(TASK DATA begins)
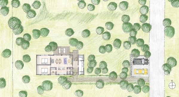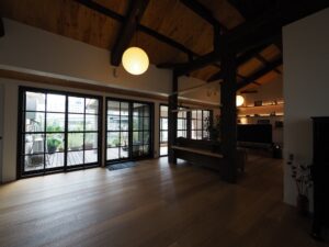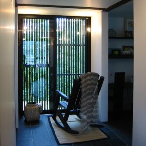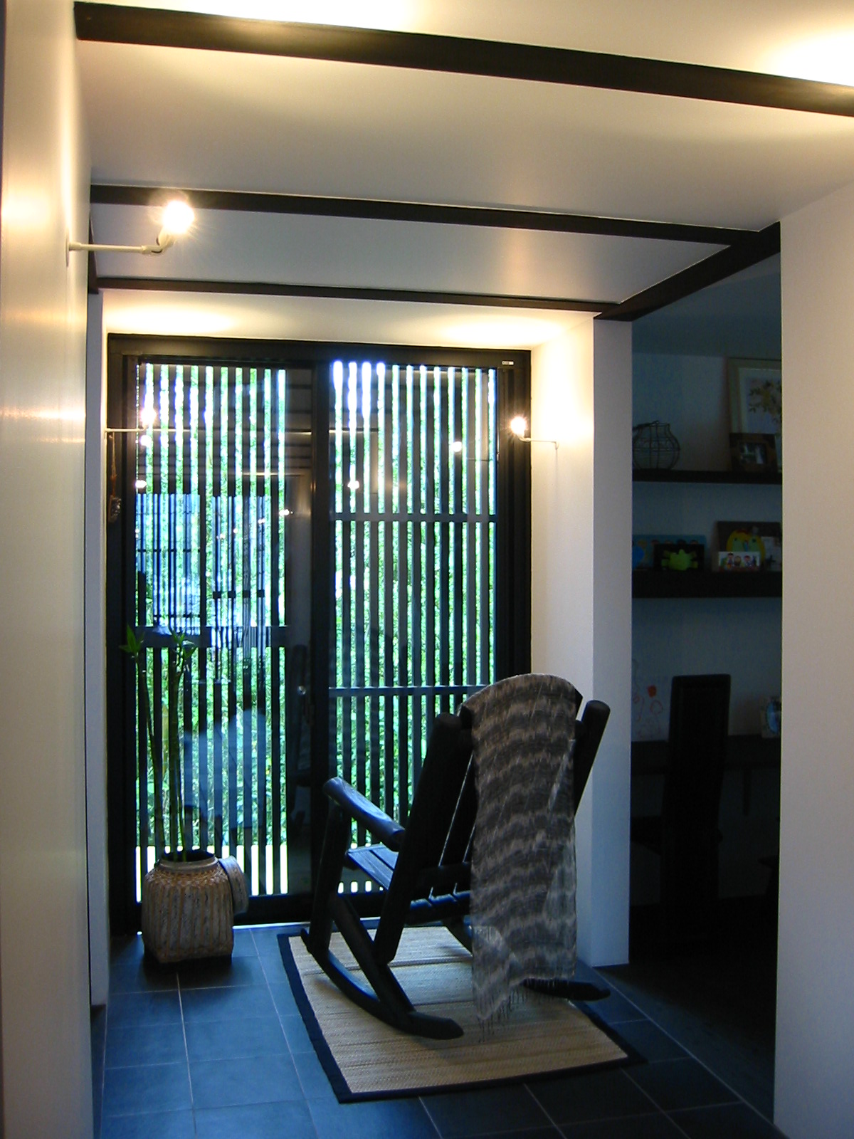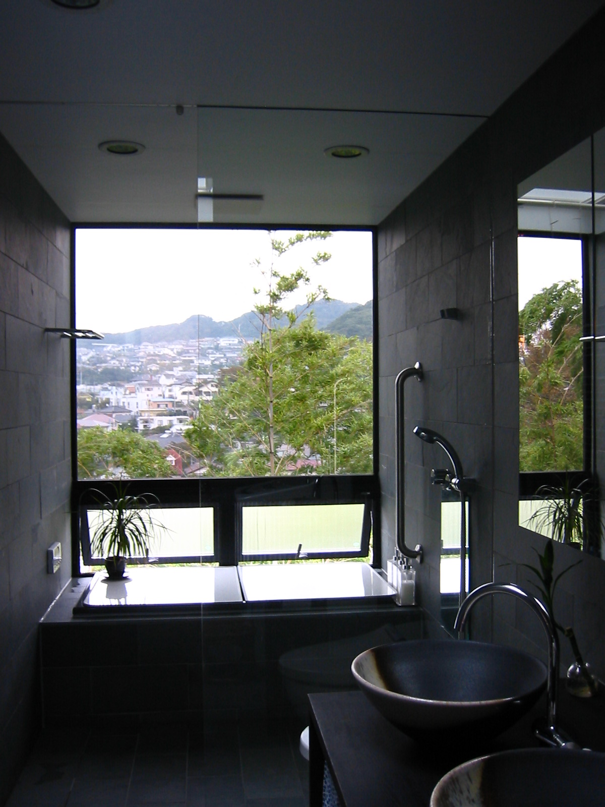 建築事例 通り土間のある家 work_21_02work_21_01 玄関を入ってそのまま家を通り抜けた先にある格子付きの窓。 小高い丘の稜線上に建っているため2階の浴室からの見晴らしは素晴らしい。浴室内の照明を落として目の前の竹藪を照らす外部照明を灯すことで夜も人目を気にせず風呂を楽しむことができる。
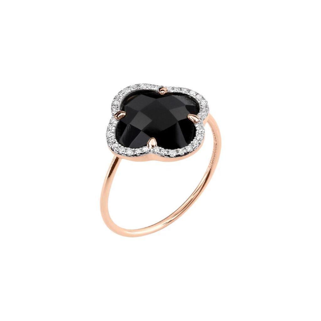 MORGANNE BELLO VICTORIA DIAMANTS RING IN YELLOW GOLD, DIAMONDS AND ONYX
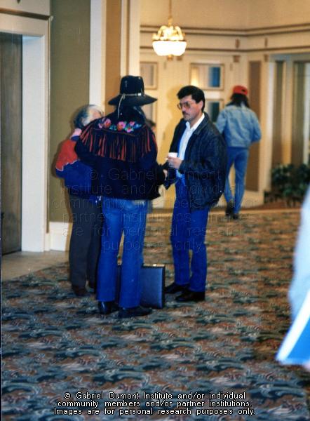 | Description: | This image is of Terry Lusty (back turned, with hat) and Will Campbell at a Métis Society of Saskatchewan conference in the winter of 1988-1989. |
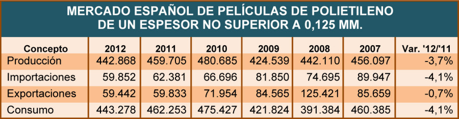 El consumo de film de polietileno se redujo en España un 4,1% en 2012
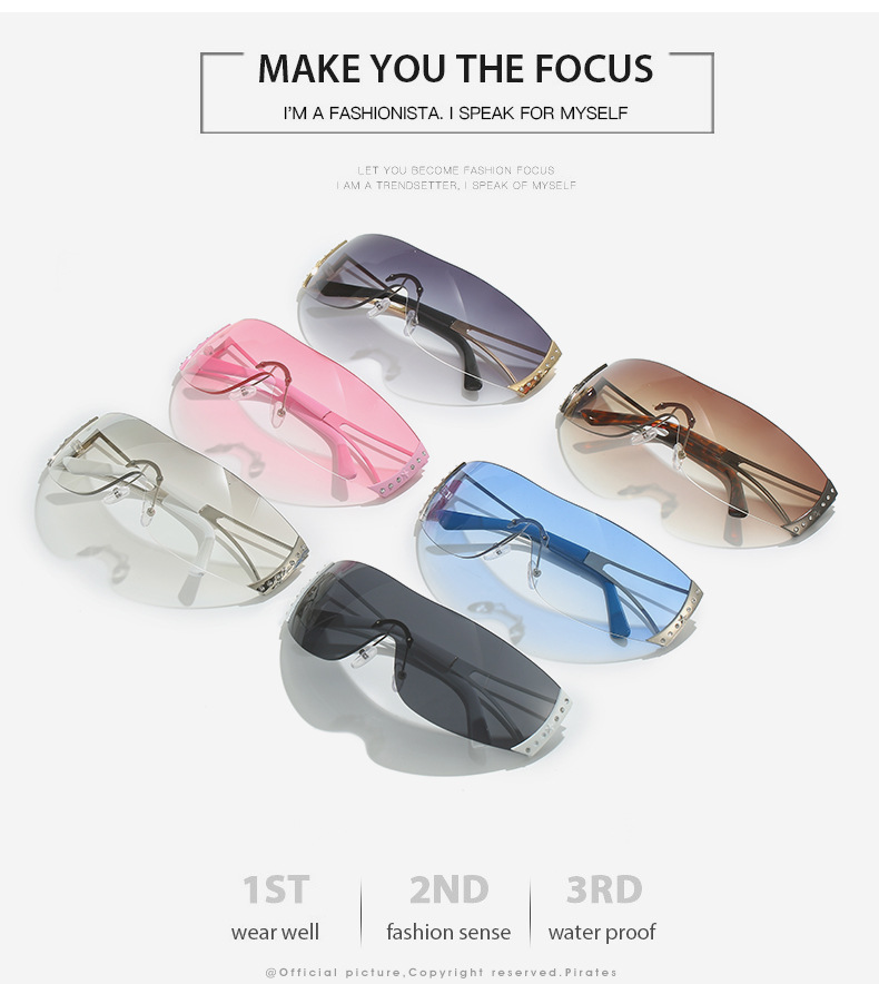 2022欧美无框男女Y2K太阳眼镜跨境热销水钻连体墨镜潮流运动镜
(TASK DATA ends)
■ **EXERCISE PROMPT**
Exact repetition of all entries is required. The pictures should not appear.

■ **RESPONSE TO THIS EXERCISE**
 建築事例 通り土間のある家 work_21_02work_21_01 玄関を入ってそのまま家を通り抜けた先にある格子付きの窓。 小高い丘の稜線上に建っているため2階の浴室からの見晴らしは素晴らしい。浴室内の照明を落として目の前の竹藪を照らす外部照明を灯すことで夜も人目を気にせず風呂を楽しむことができる。
 MORGANNE BELLO VICTORIA DIAMANTS RING IN YELLOW GOLD, DIAMONDS AND ONYX
 | Description: | This image is of Terry Lusty (back turned, with hat) and Will Campbell at a Métis Society of Saskatchewan conference in the winter of 1988-1989. |
 El consumo de film de polietileno se redujo en España un 4,1% en 2012
 2022欧美无框男女Y2K太阳眼镜跨境热销水钻连体墨镜潮流运动镜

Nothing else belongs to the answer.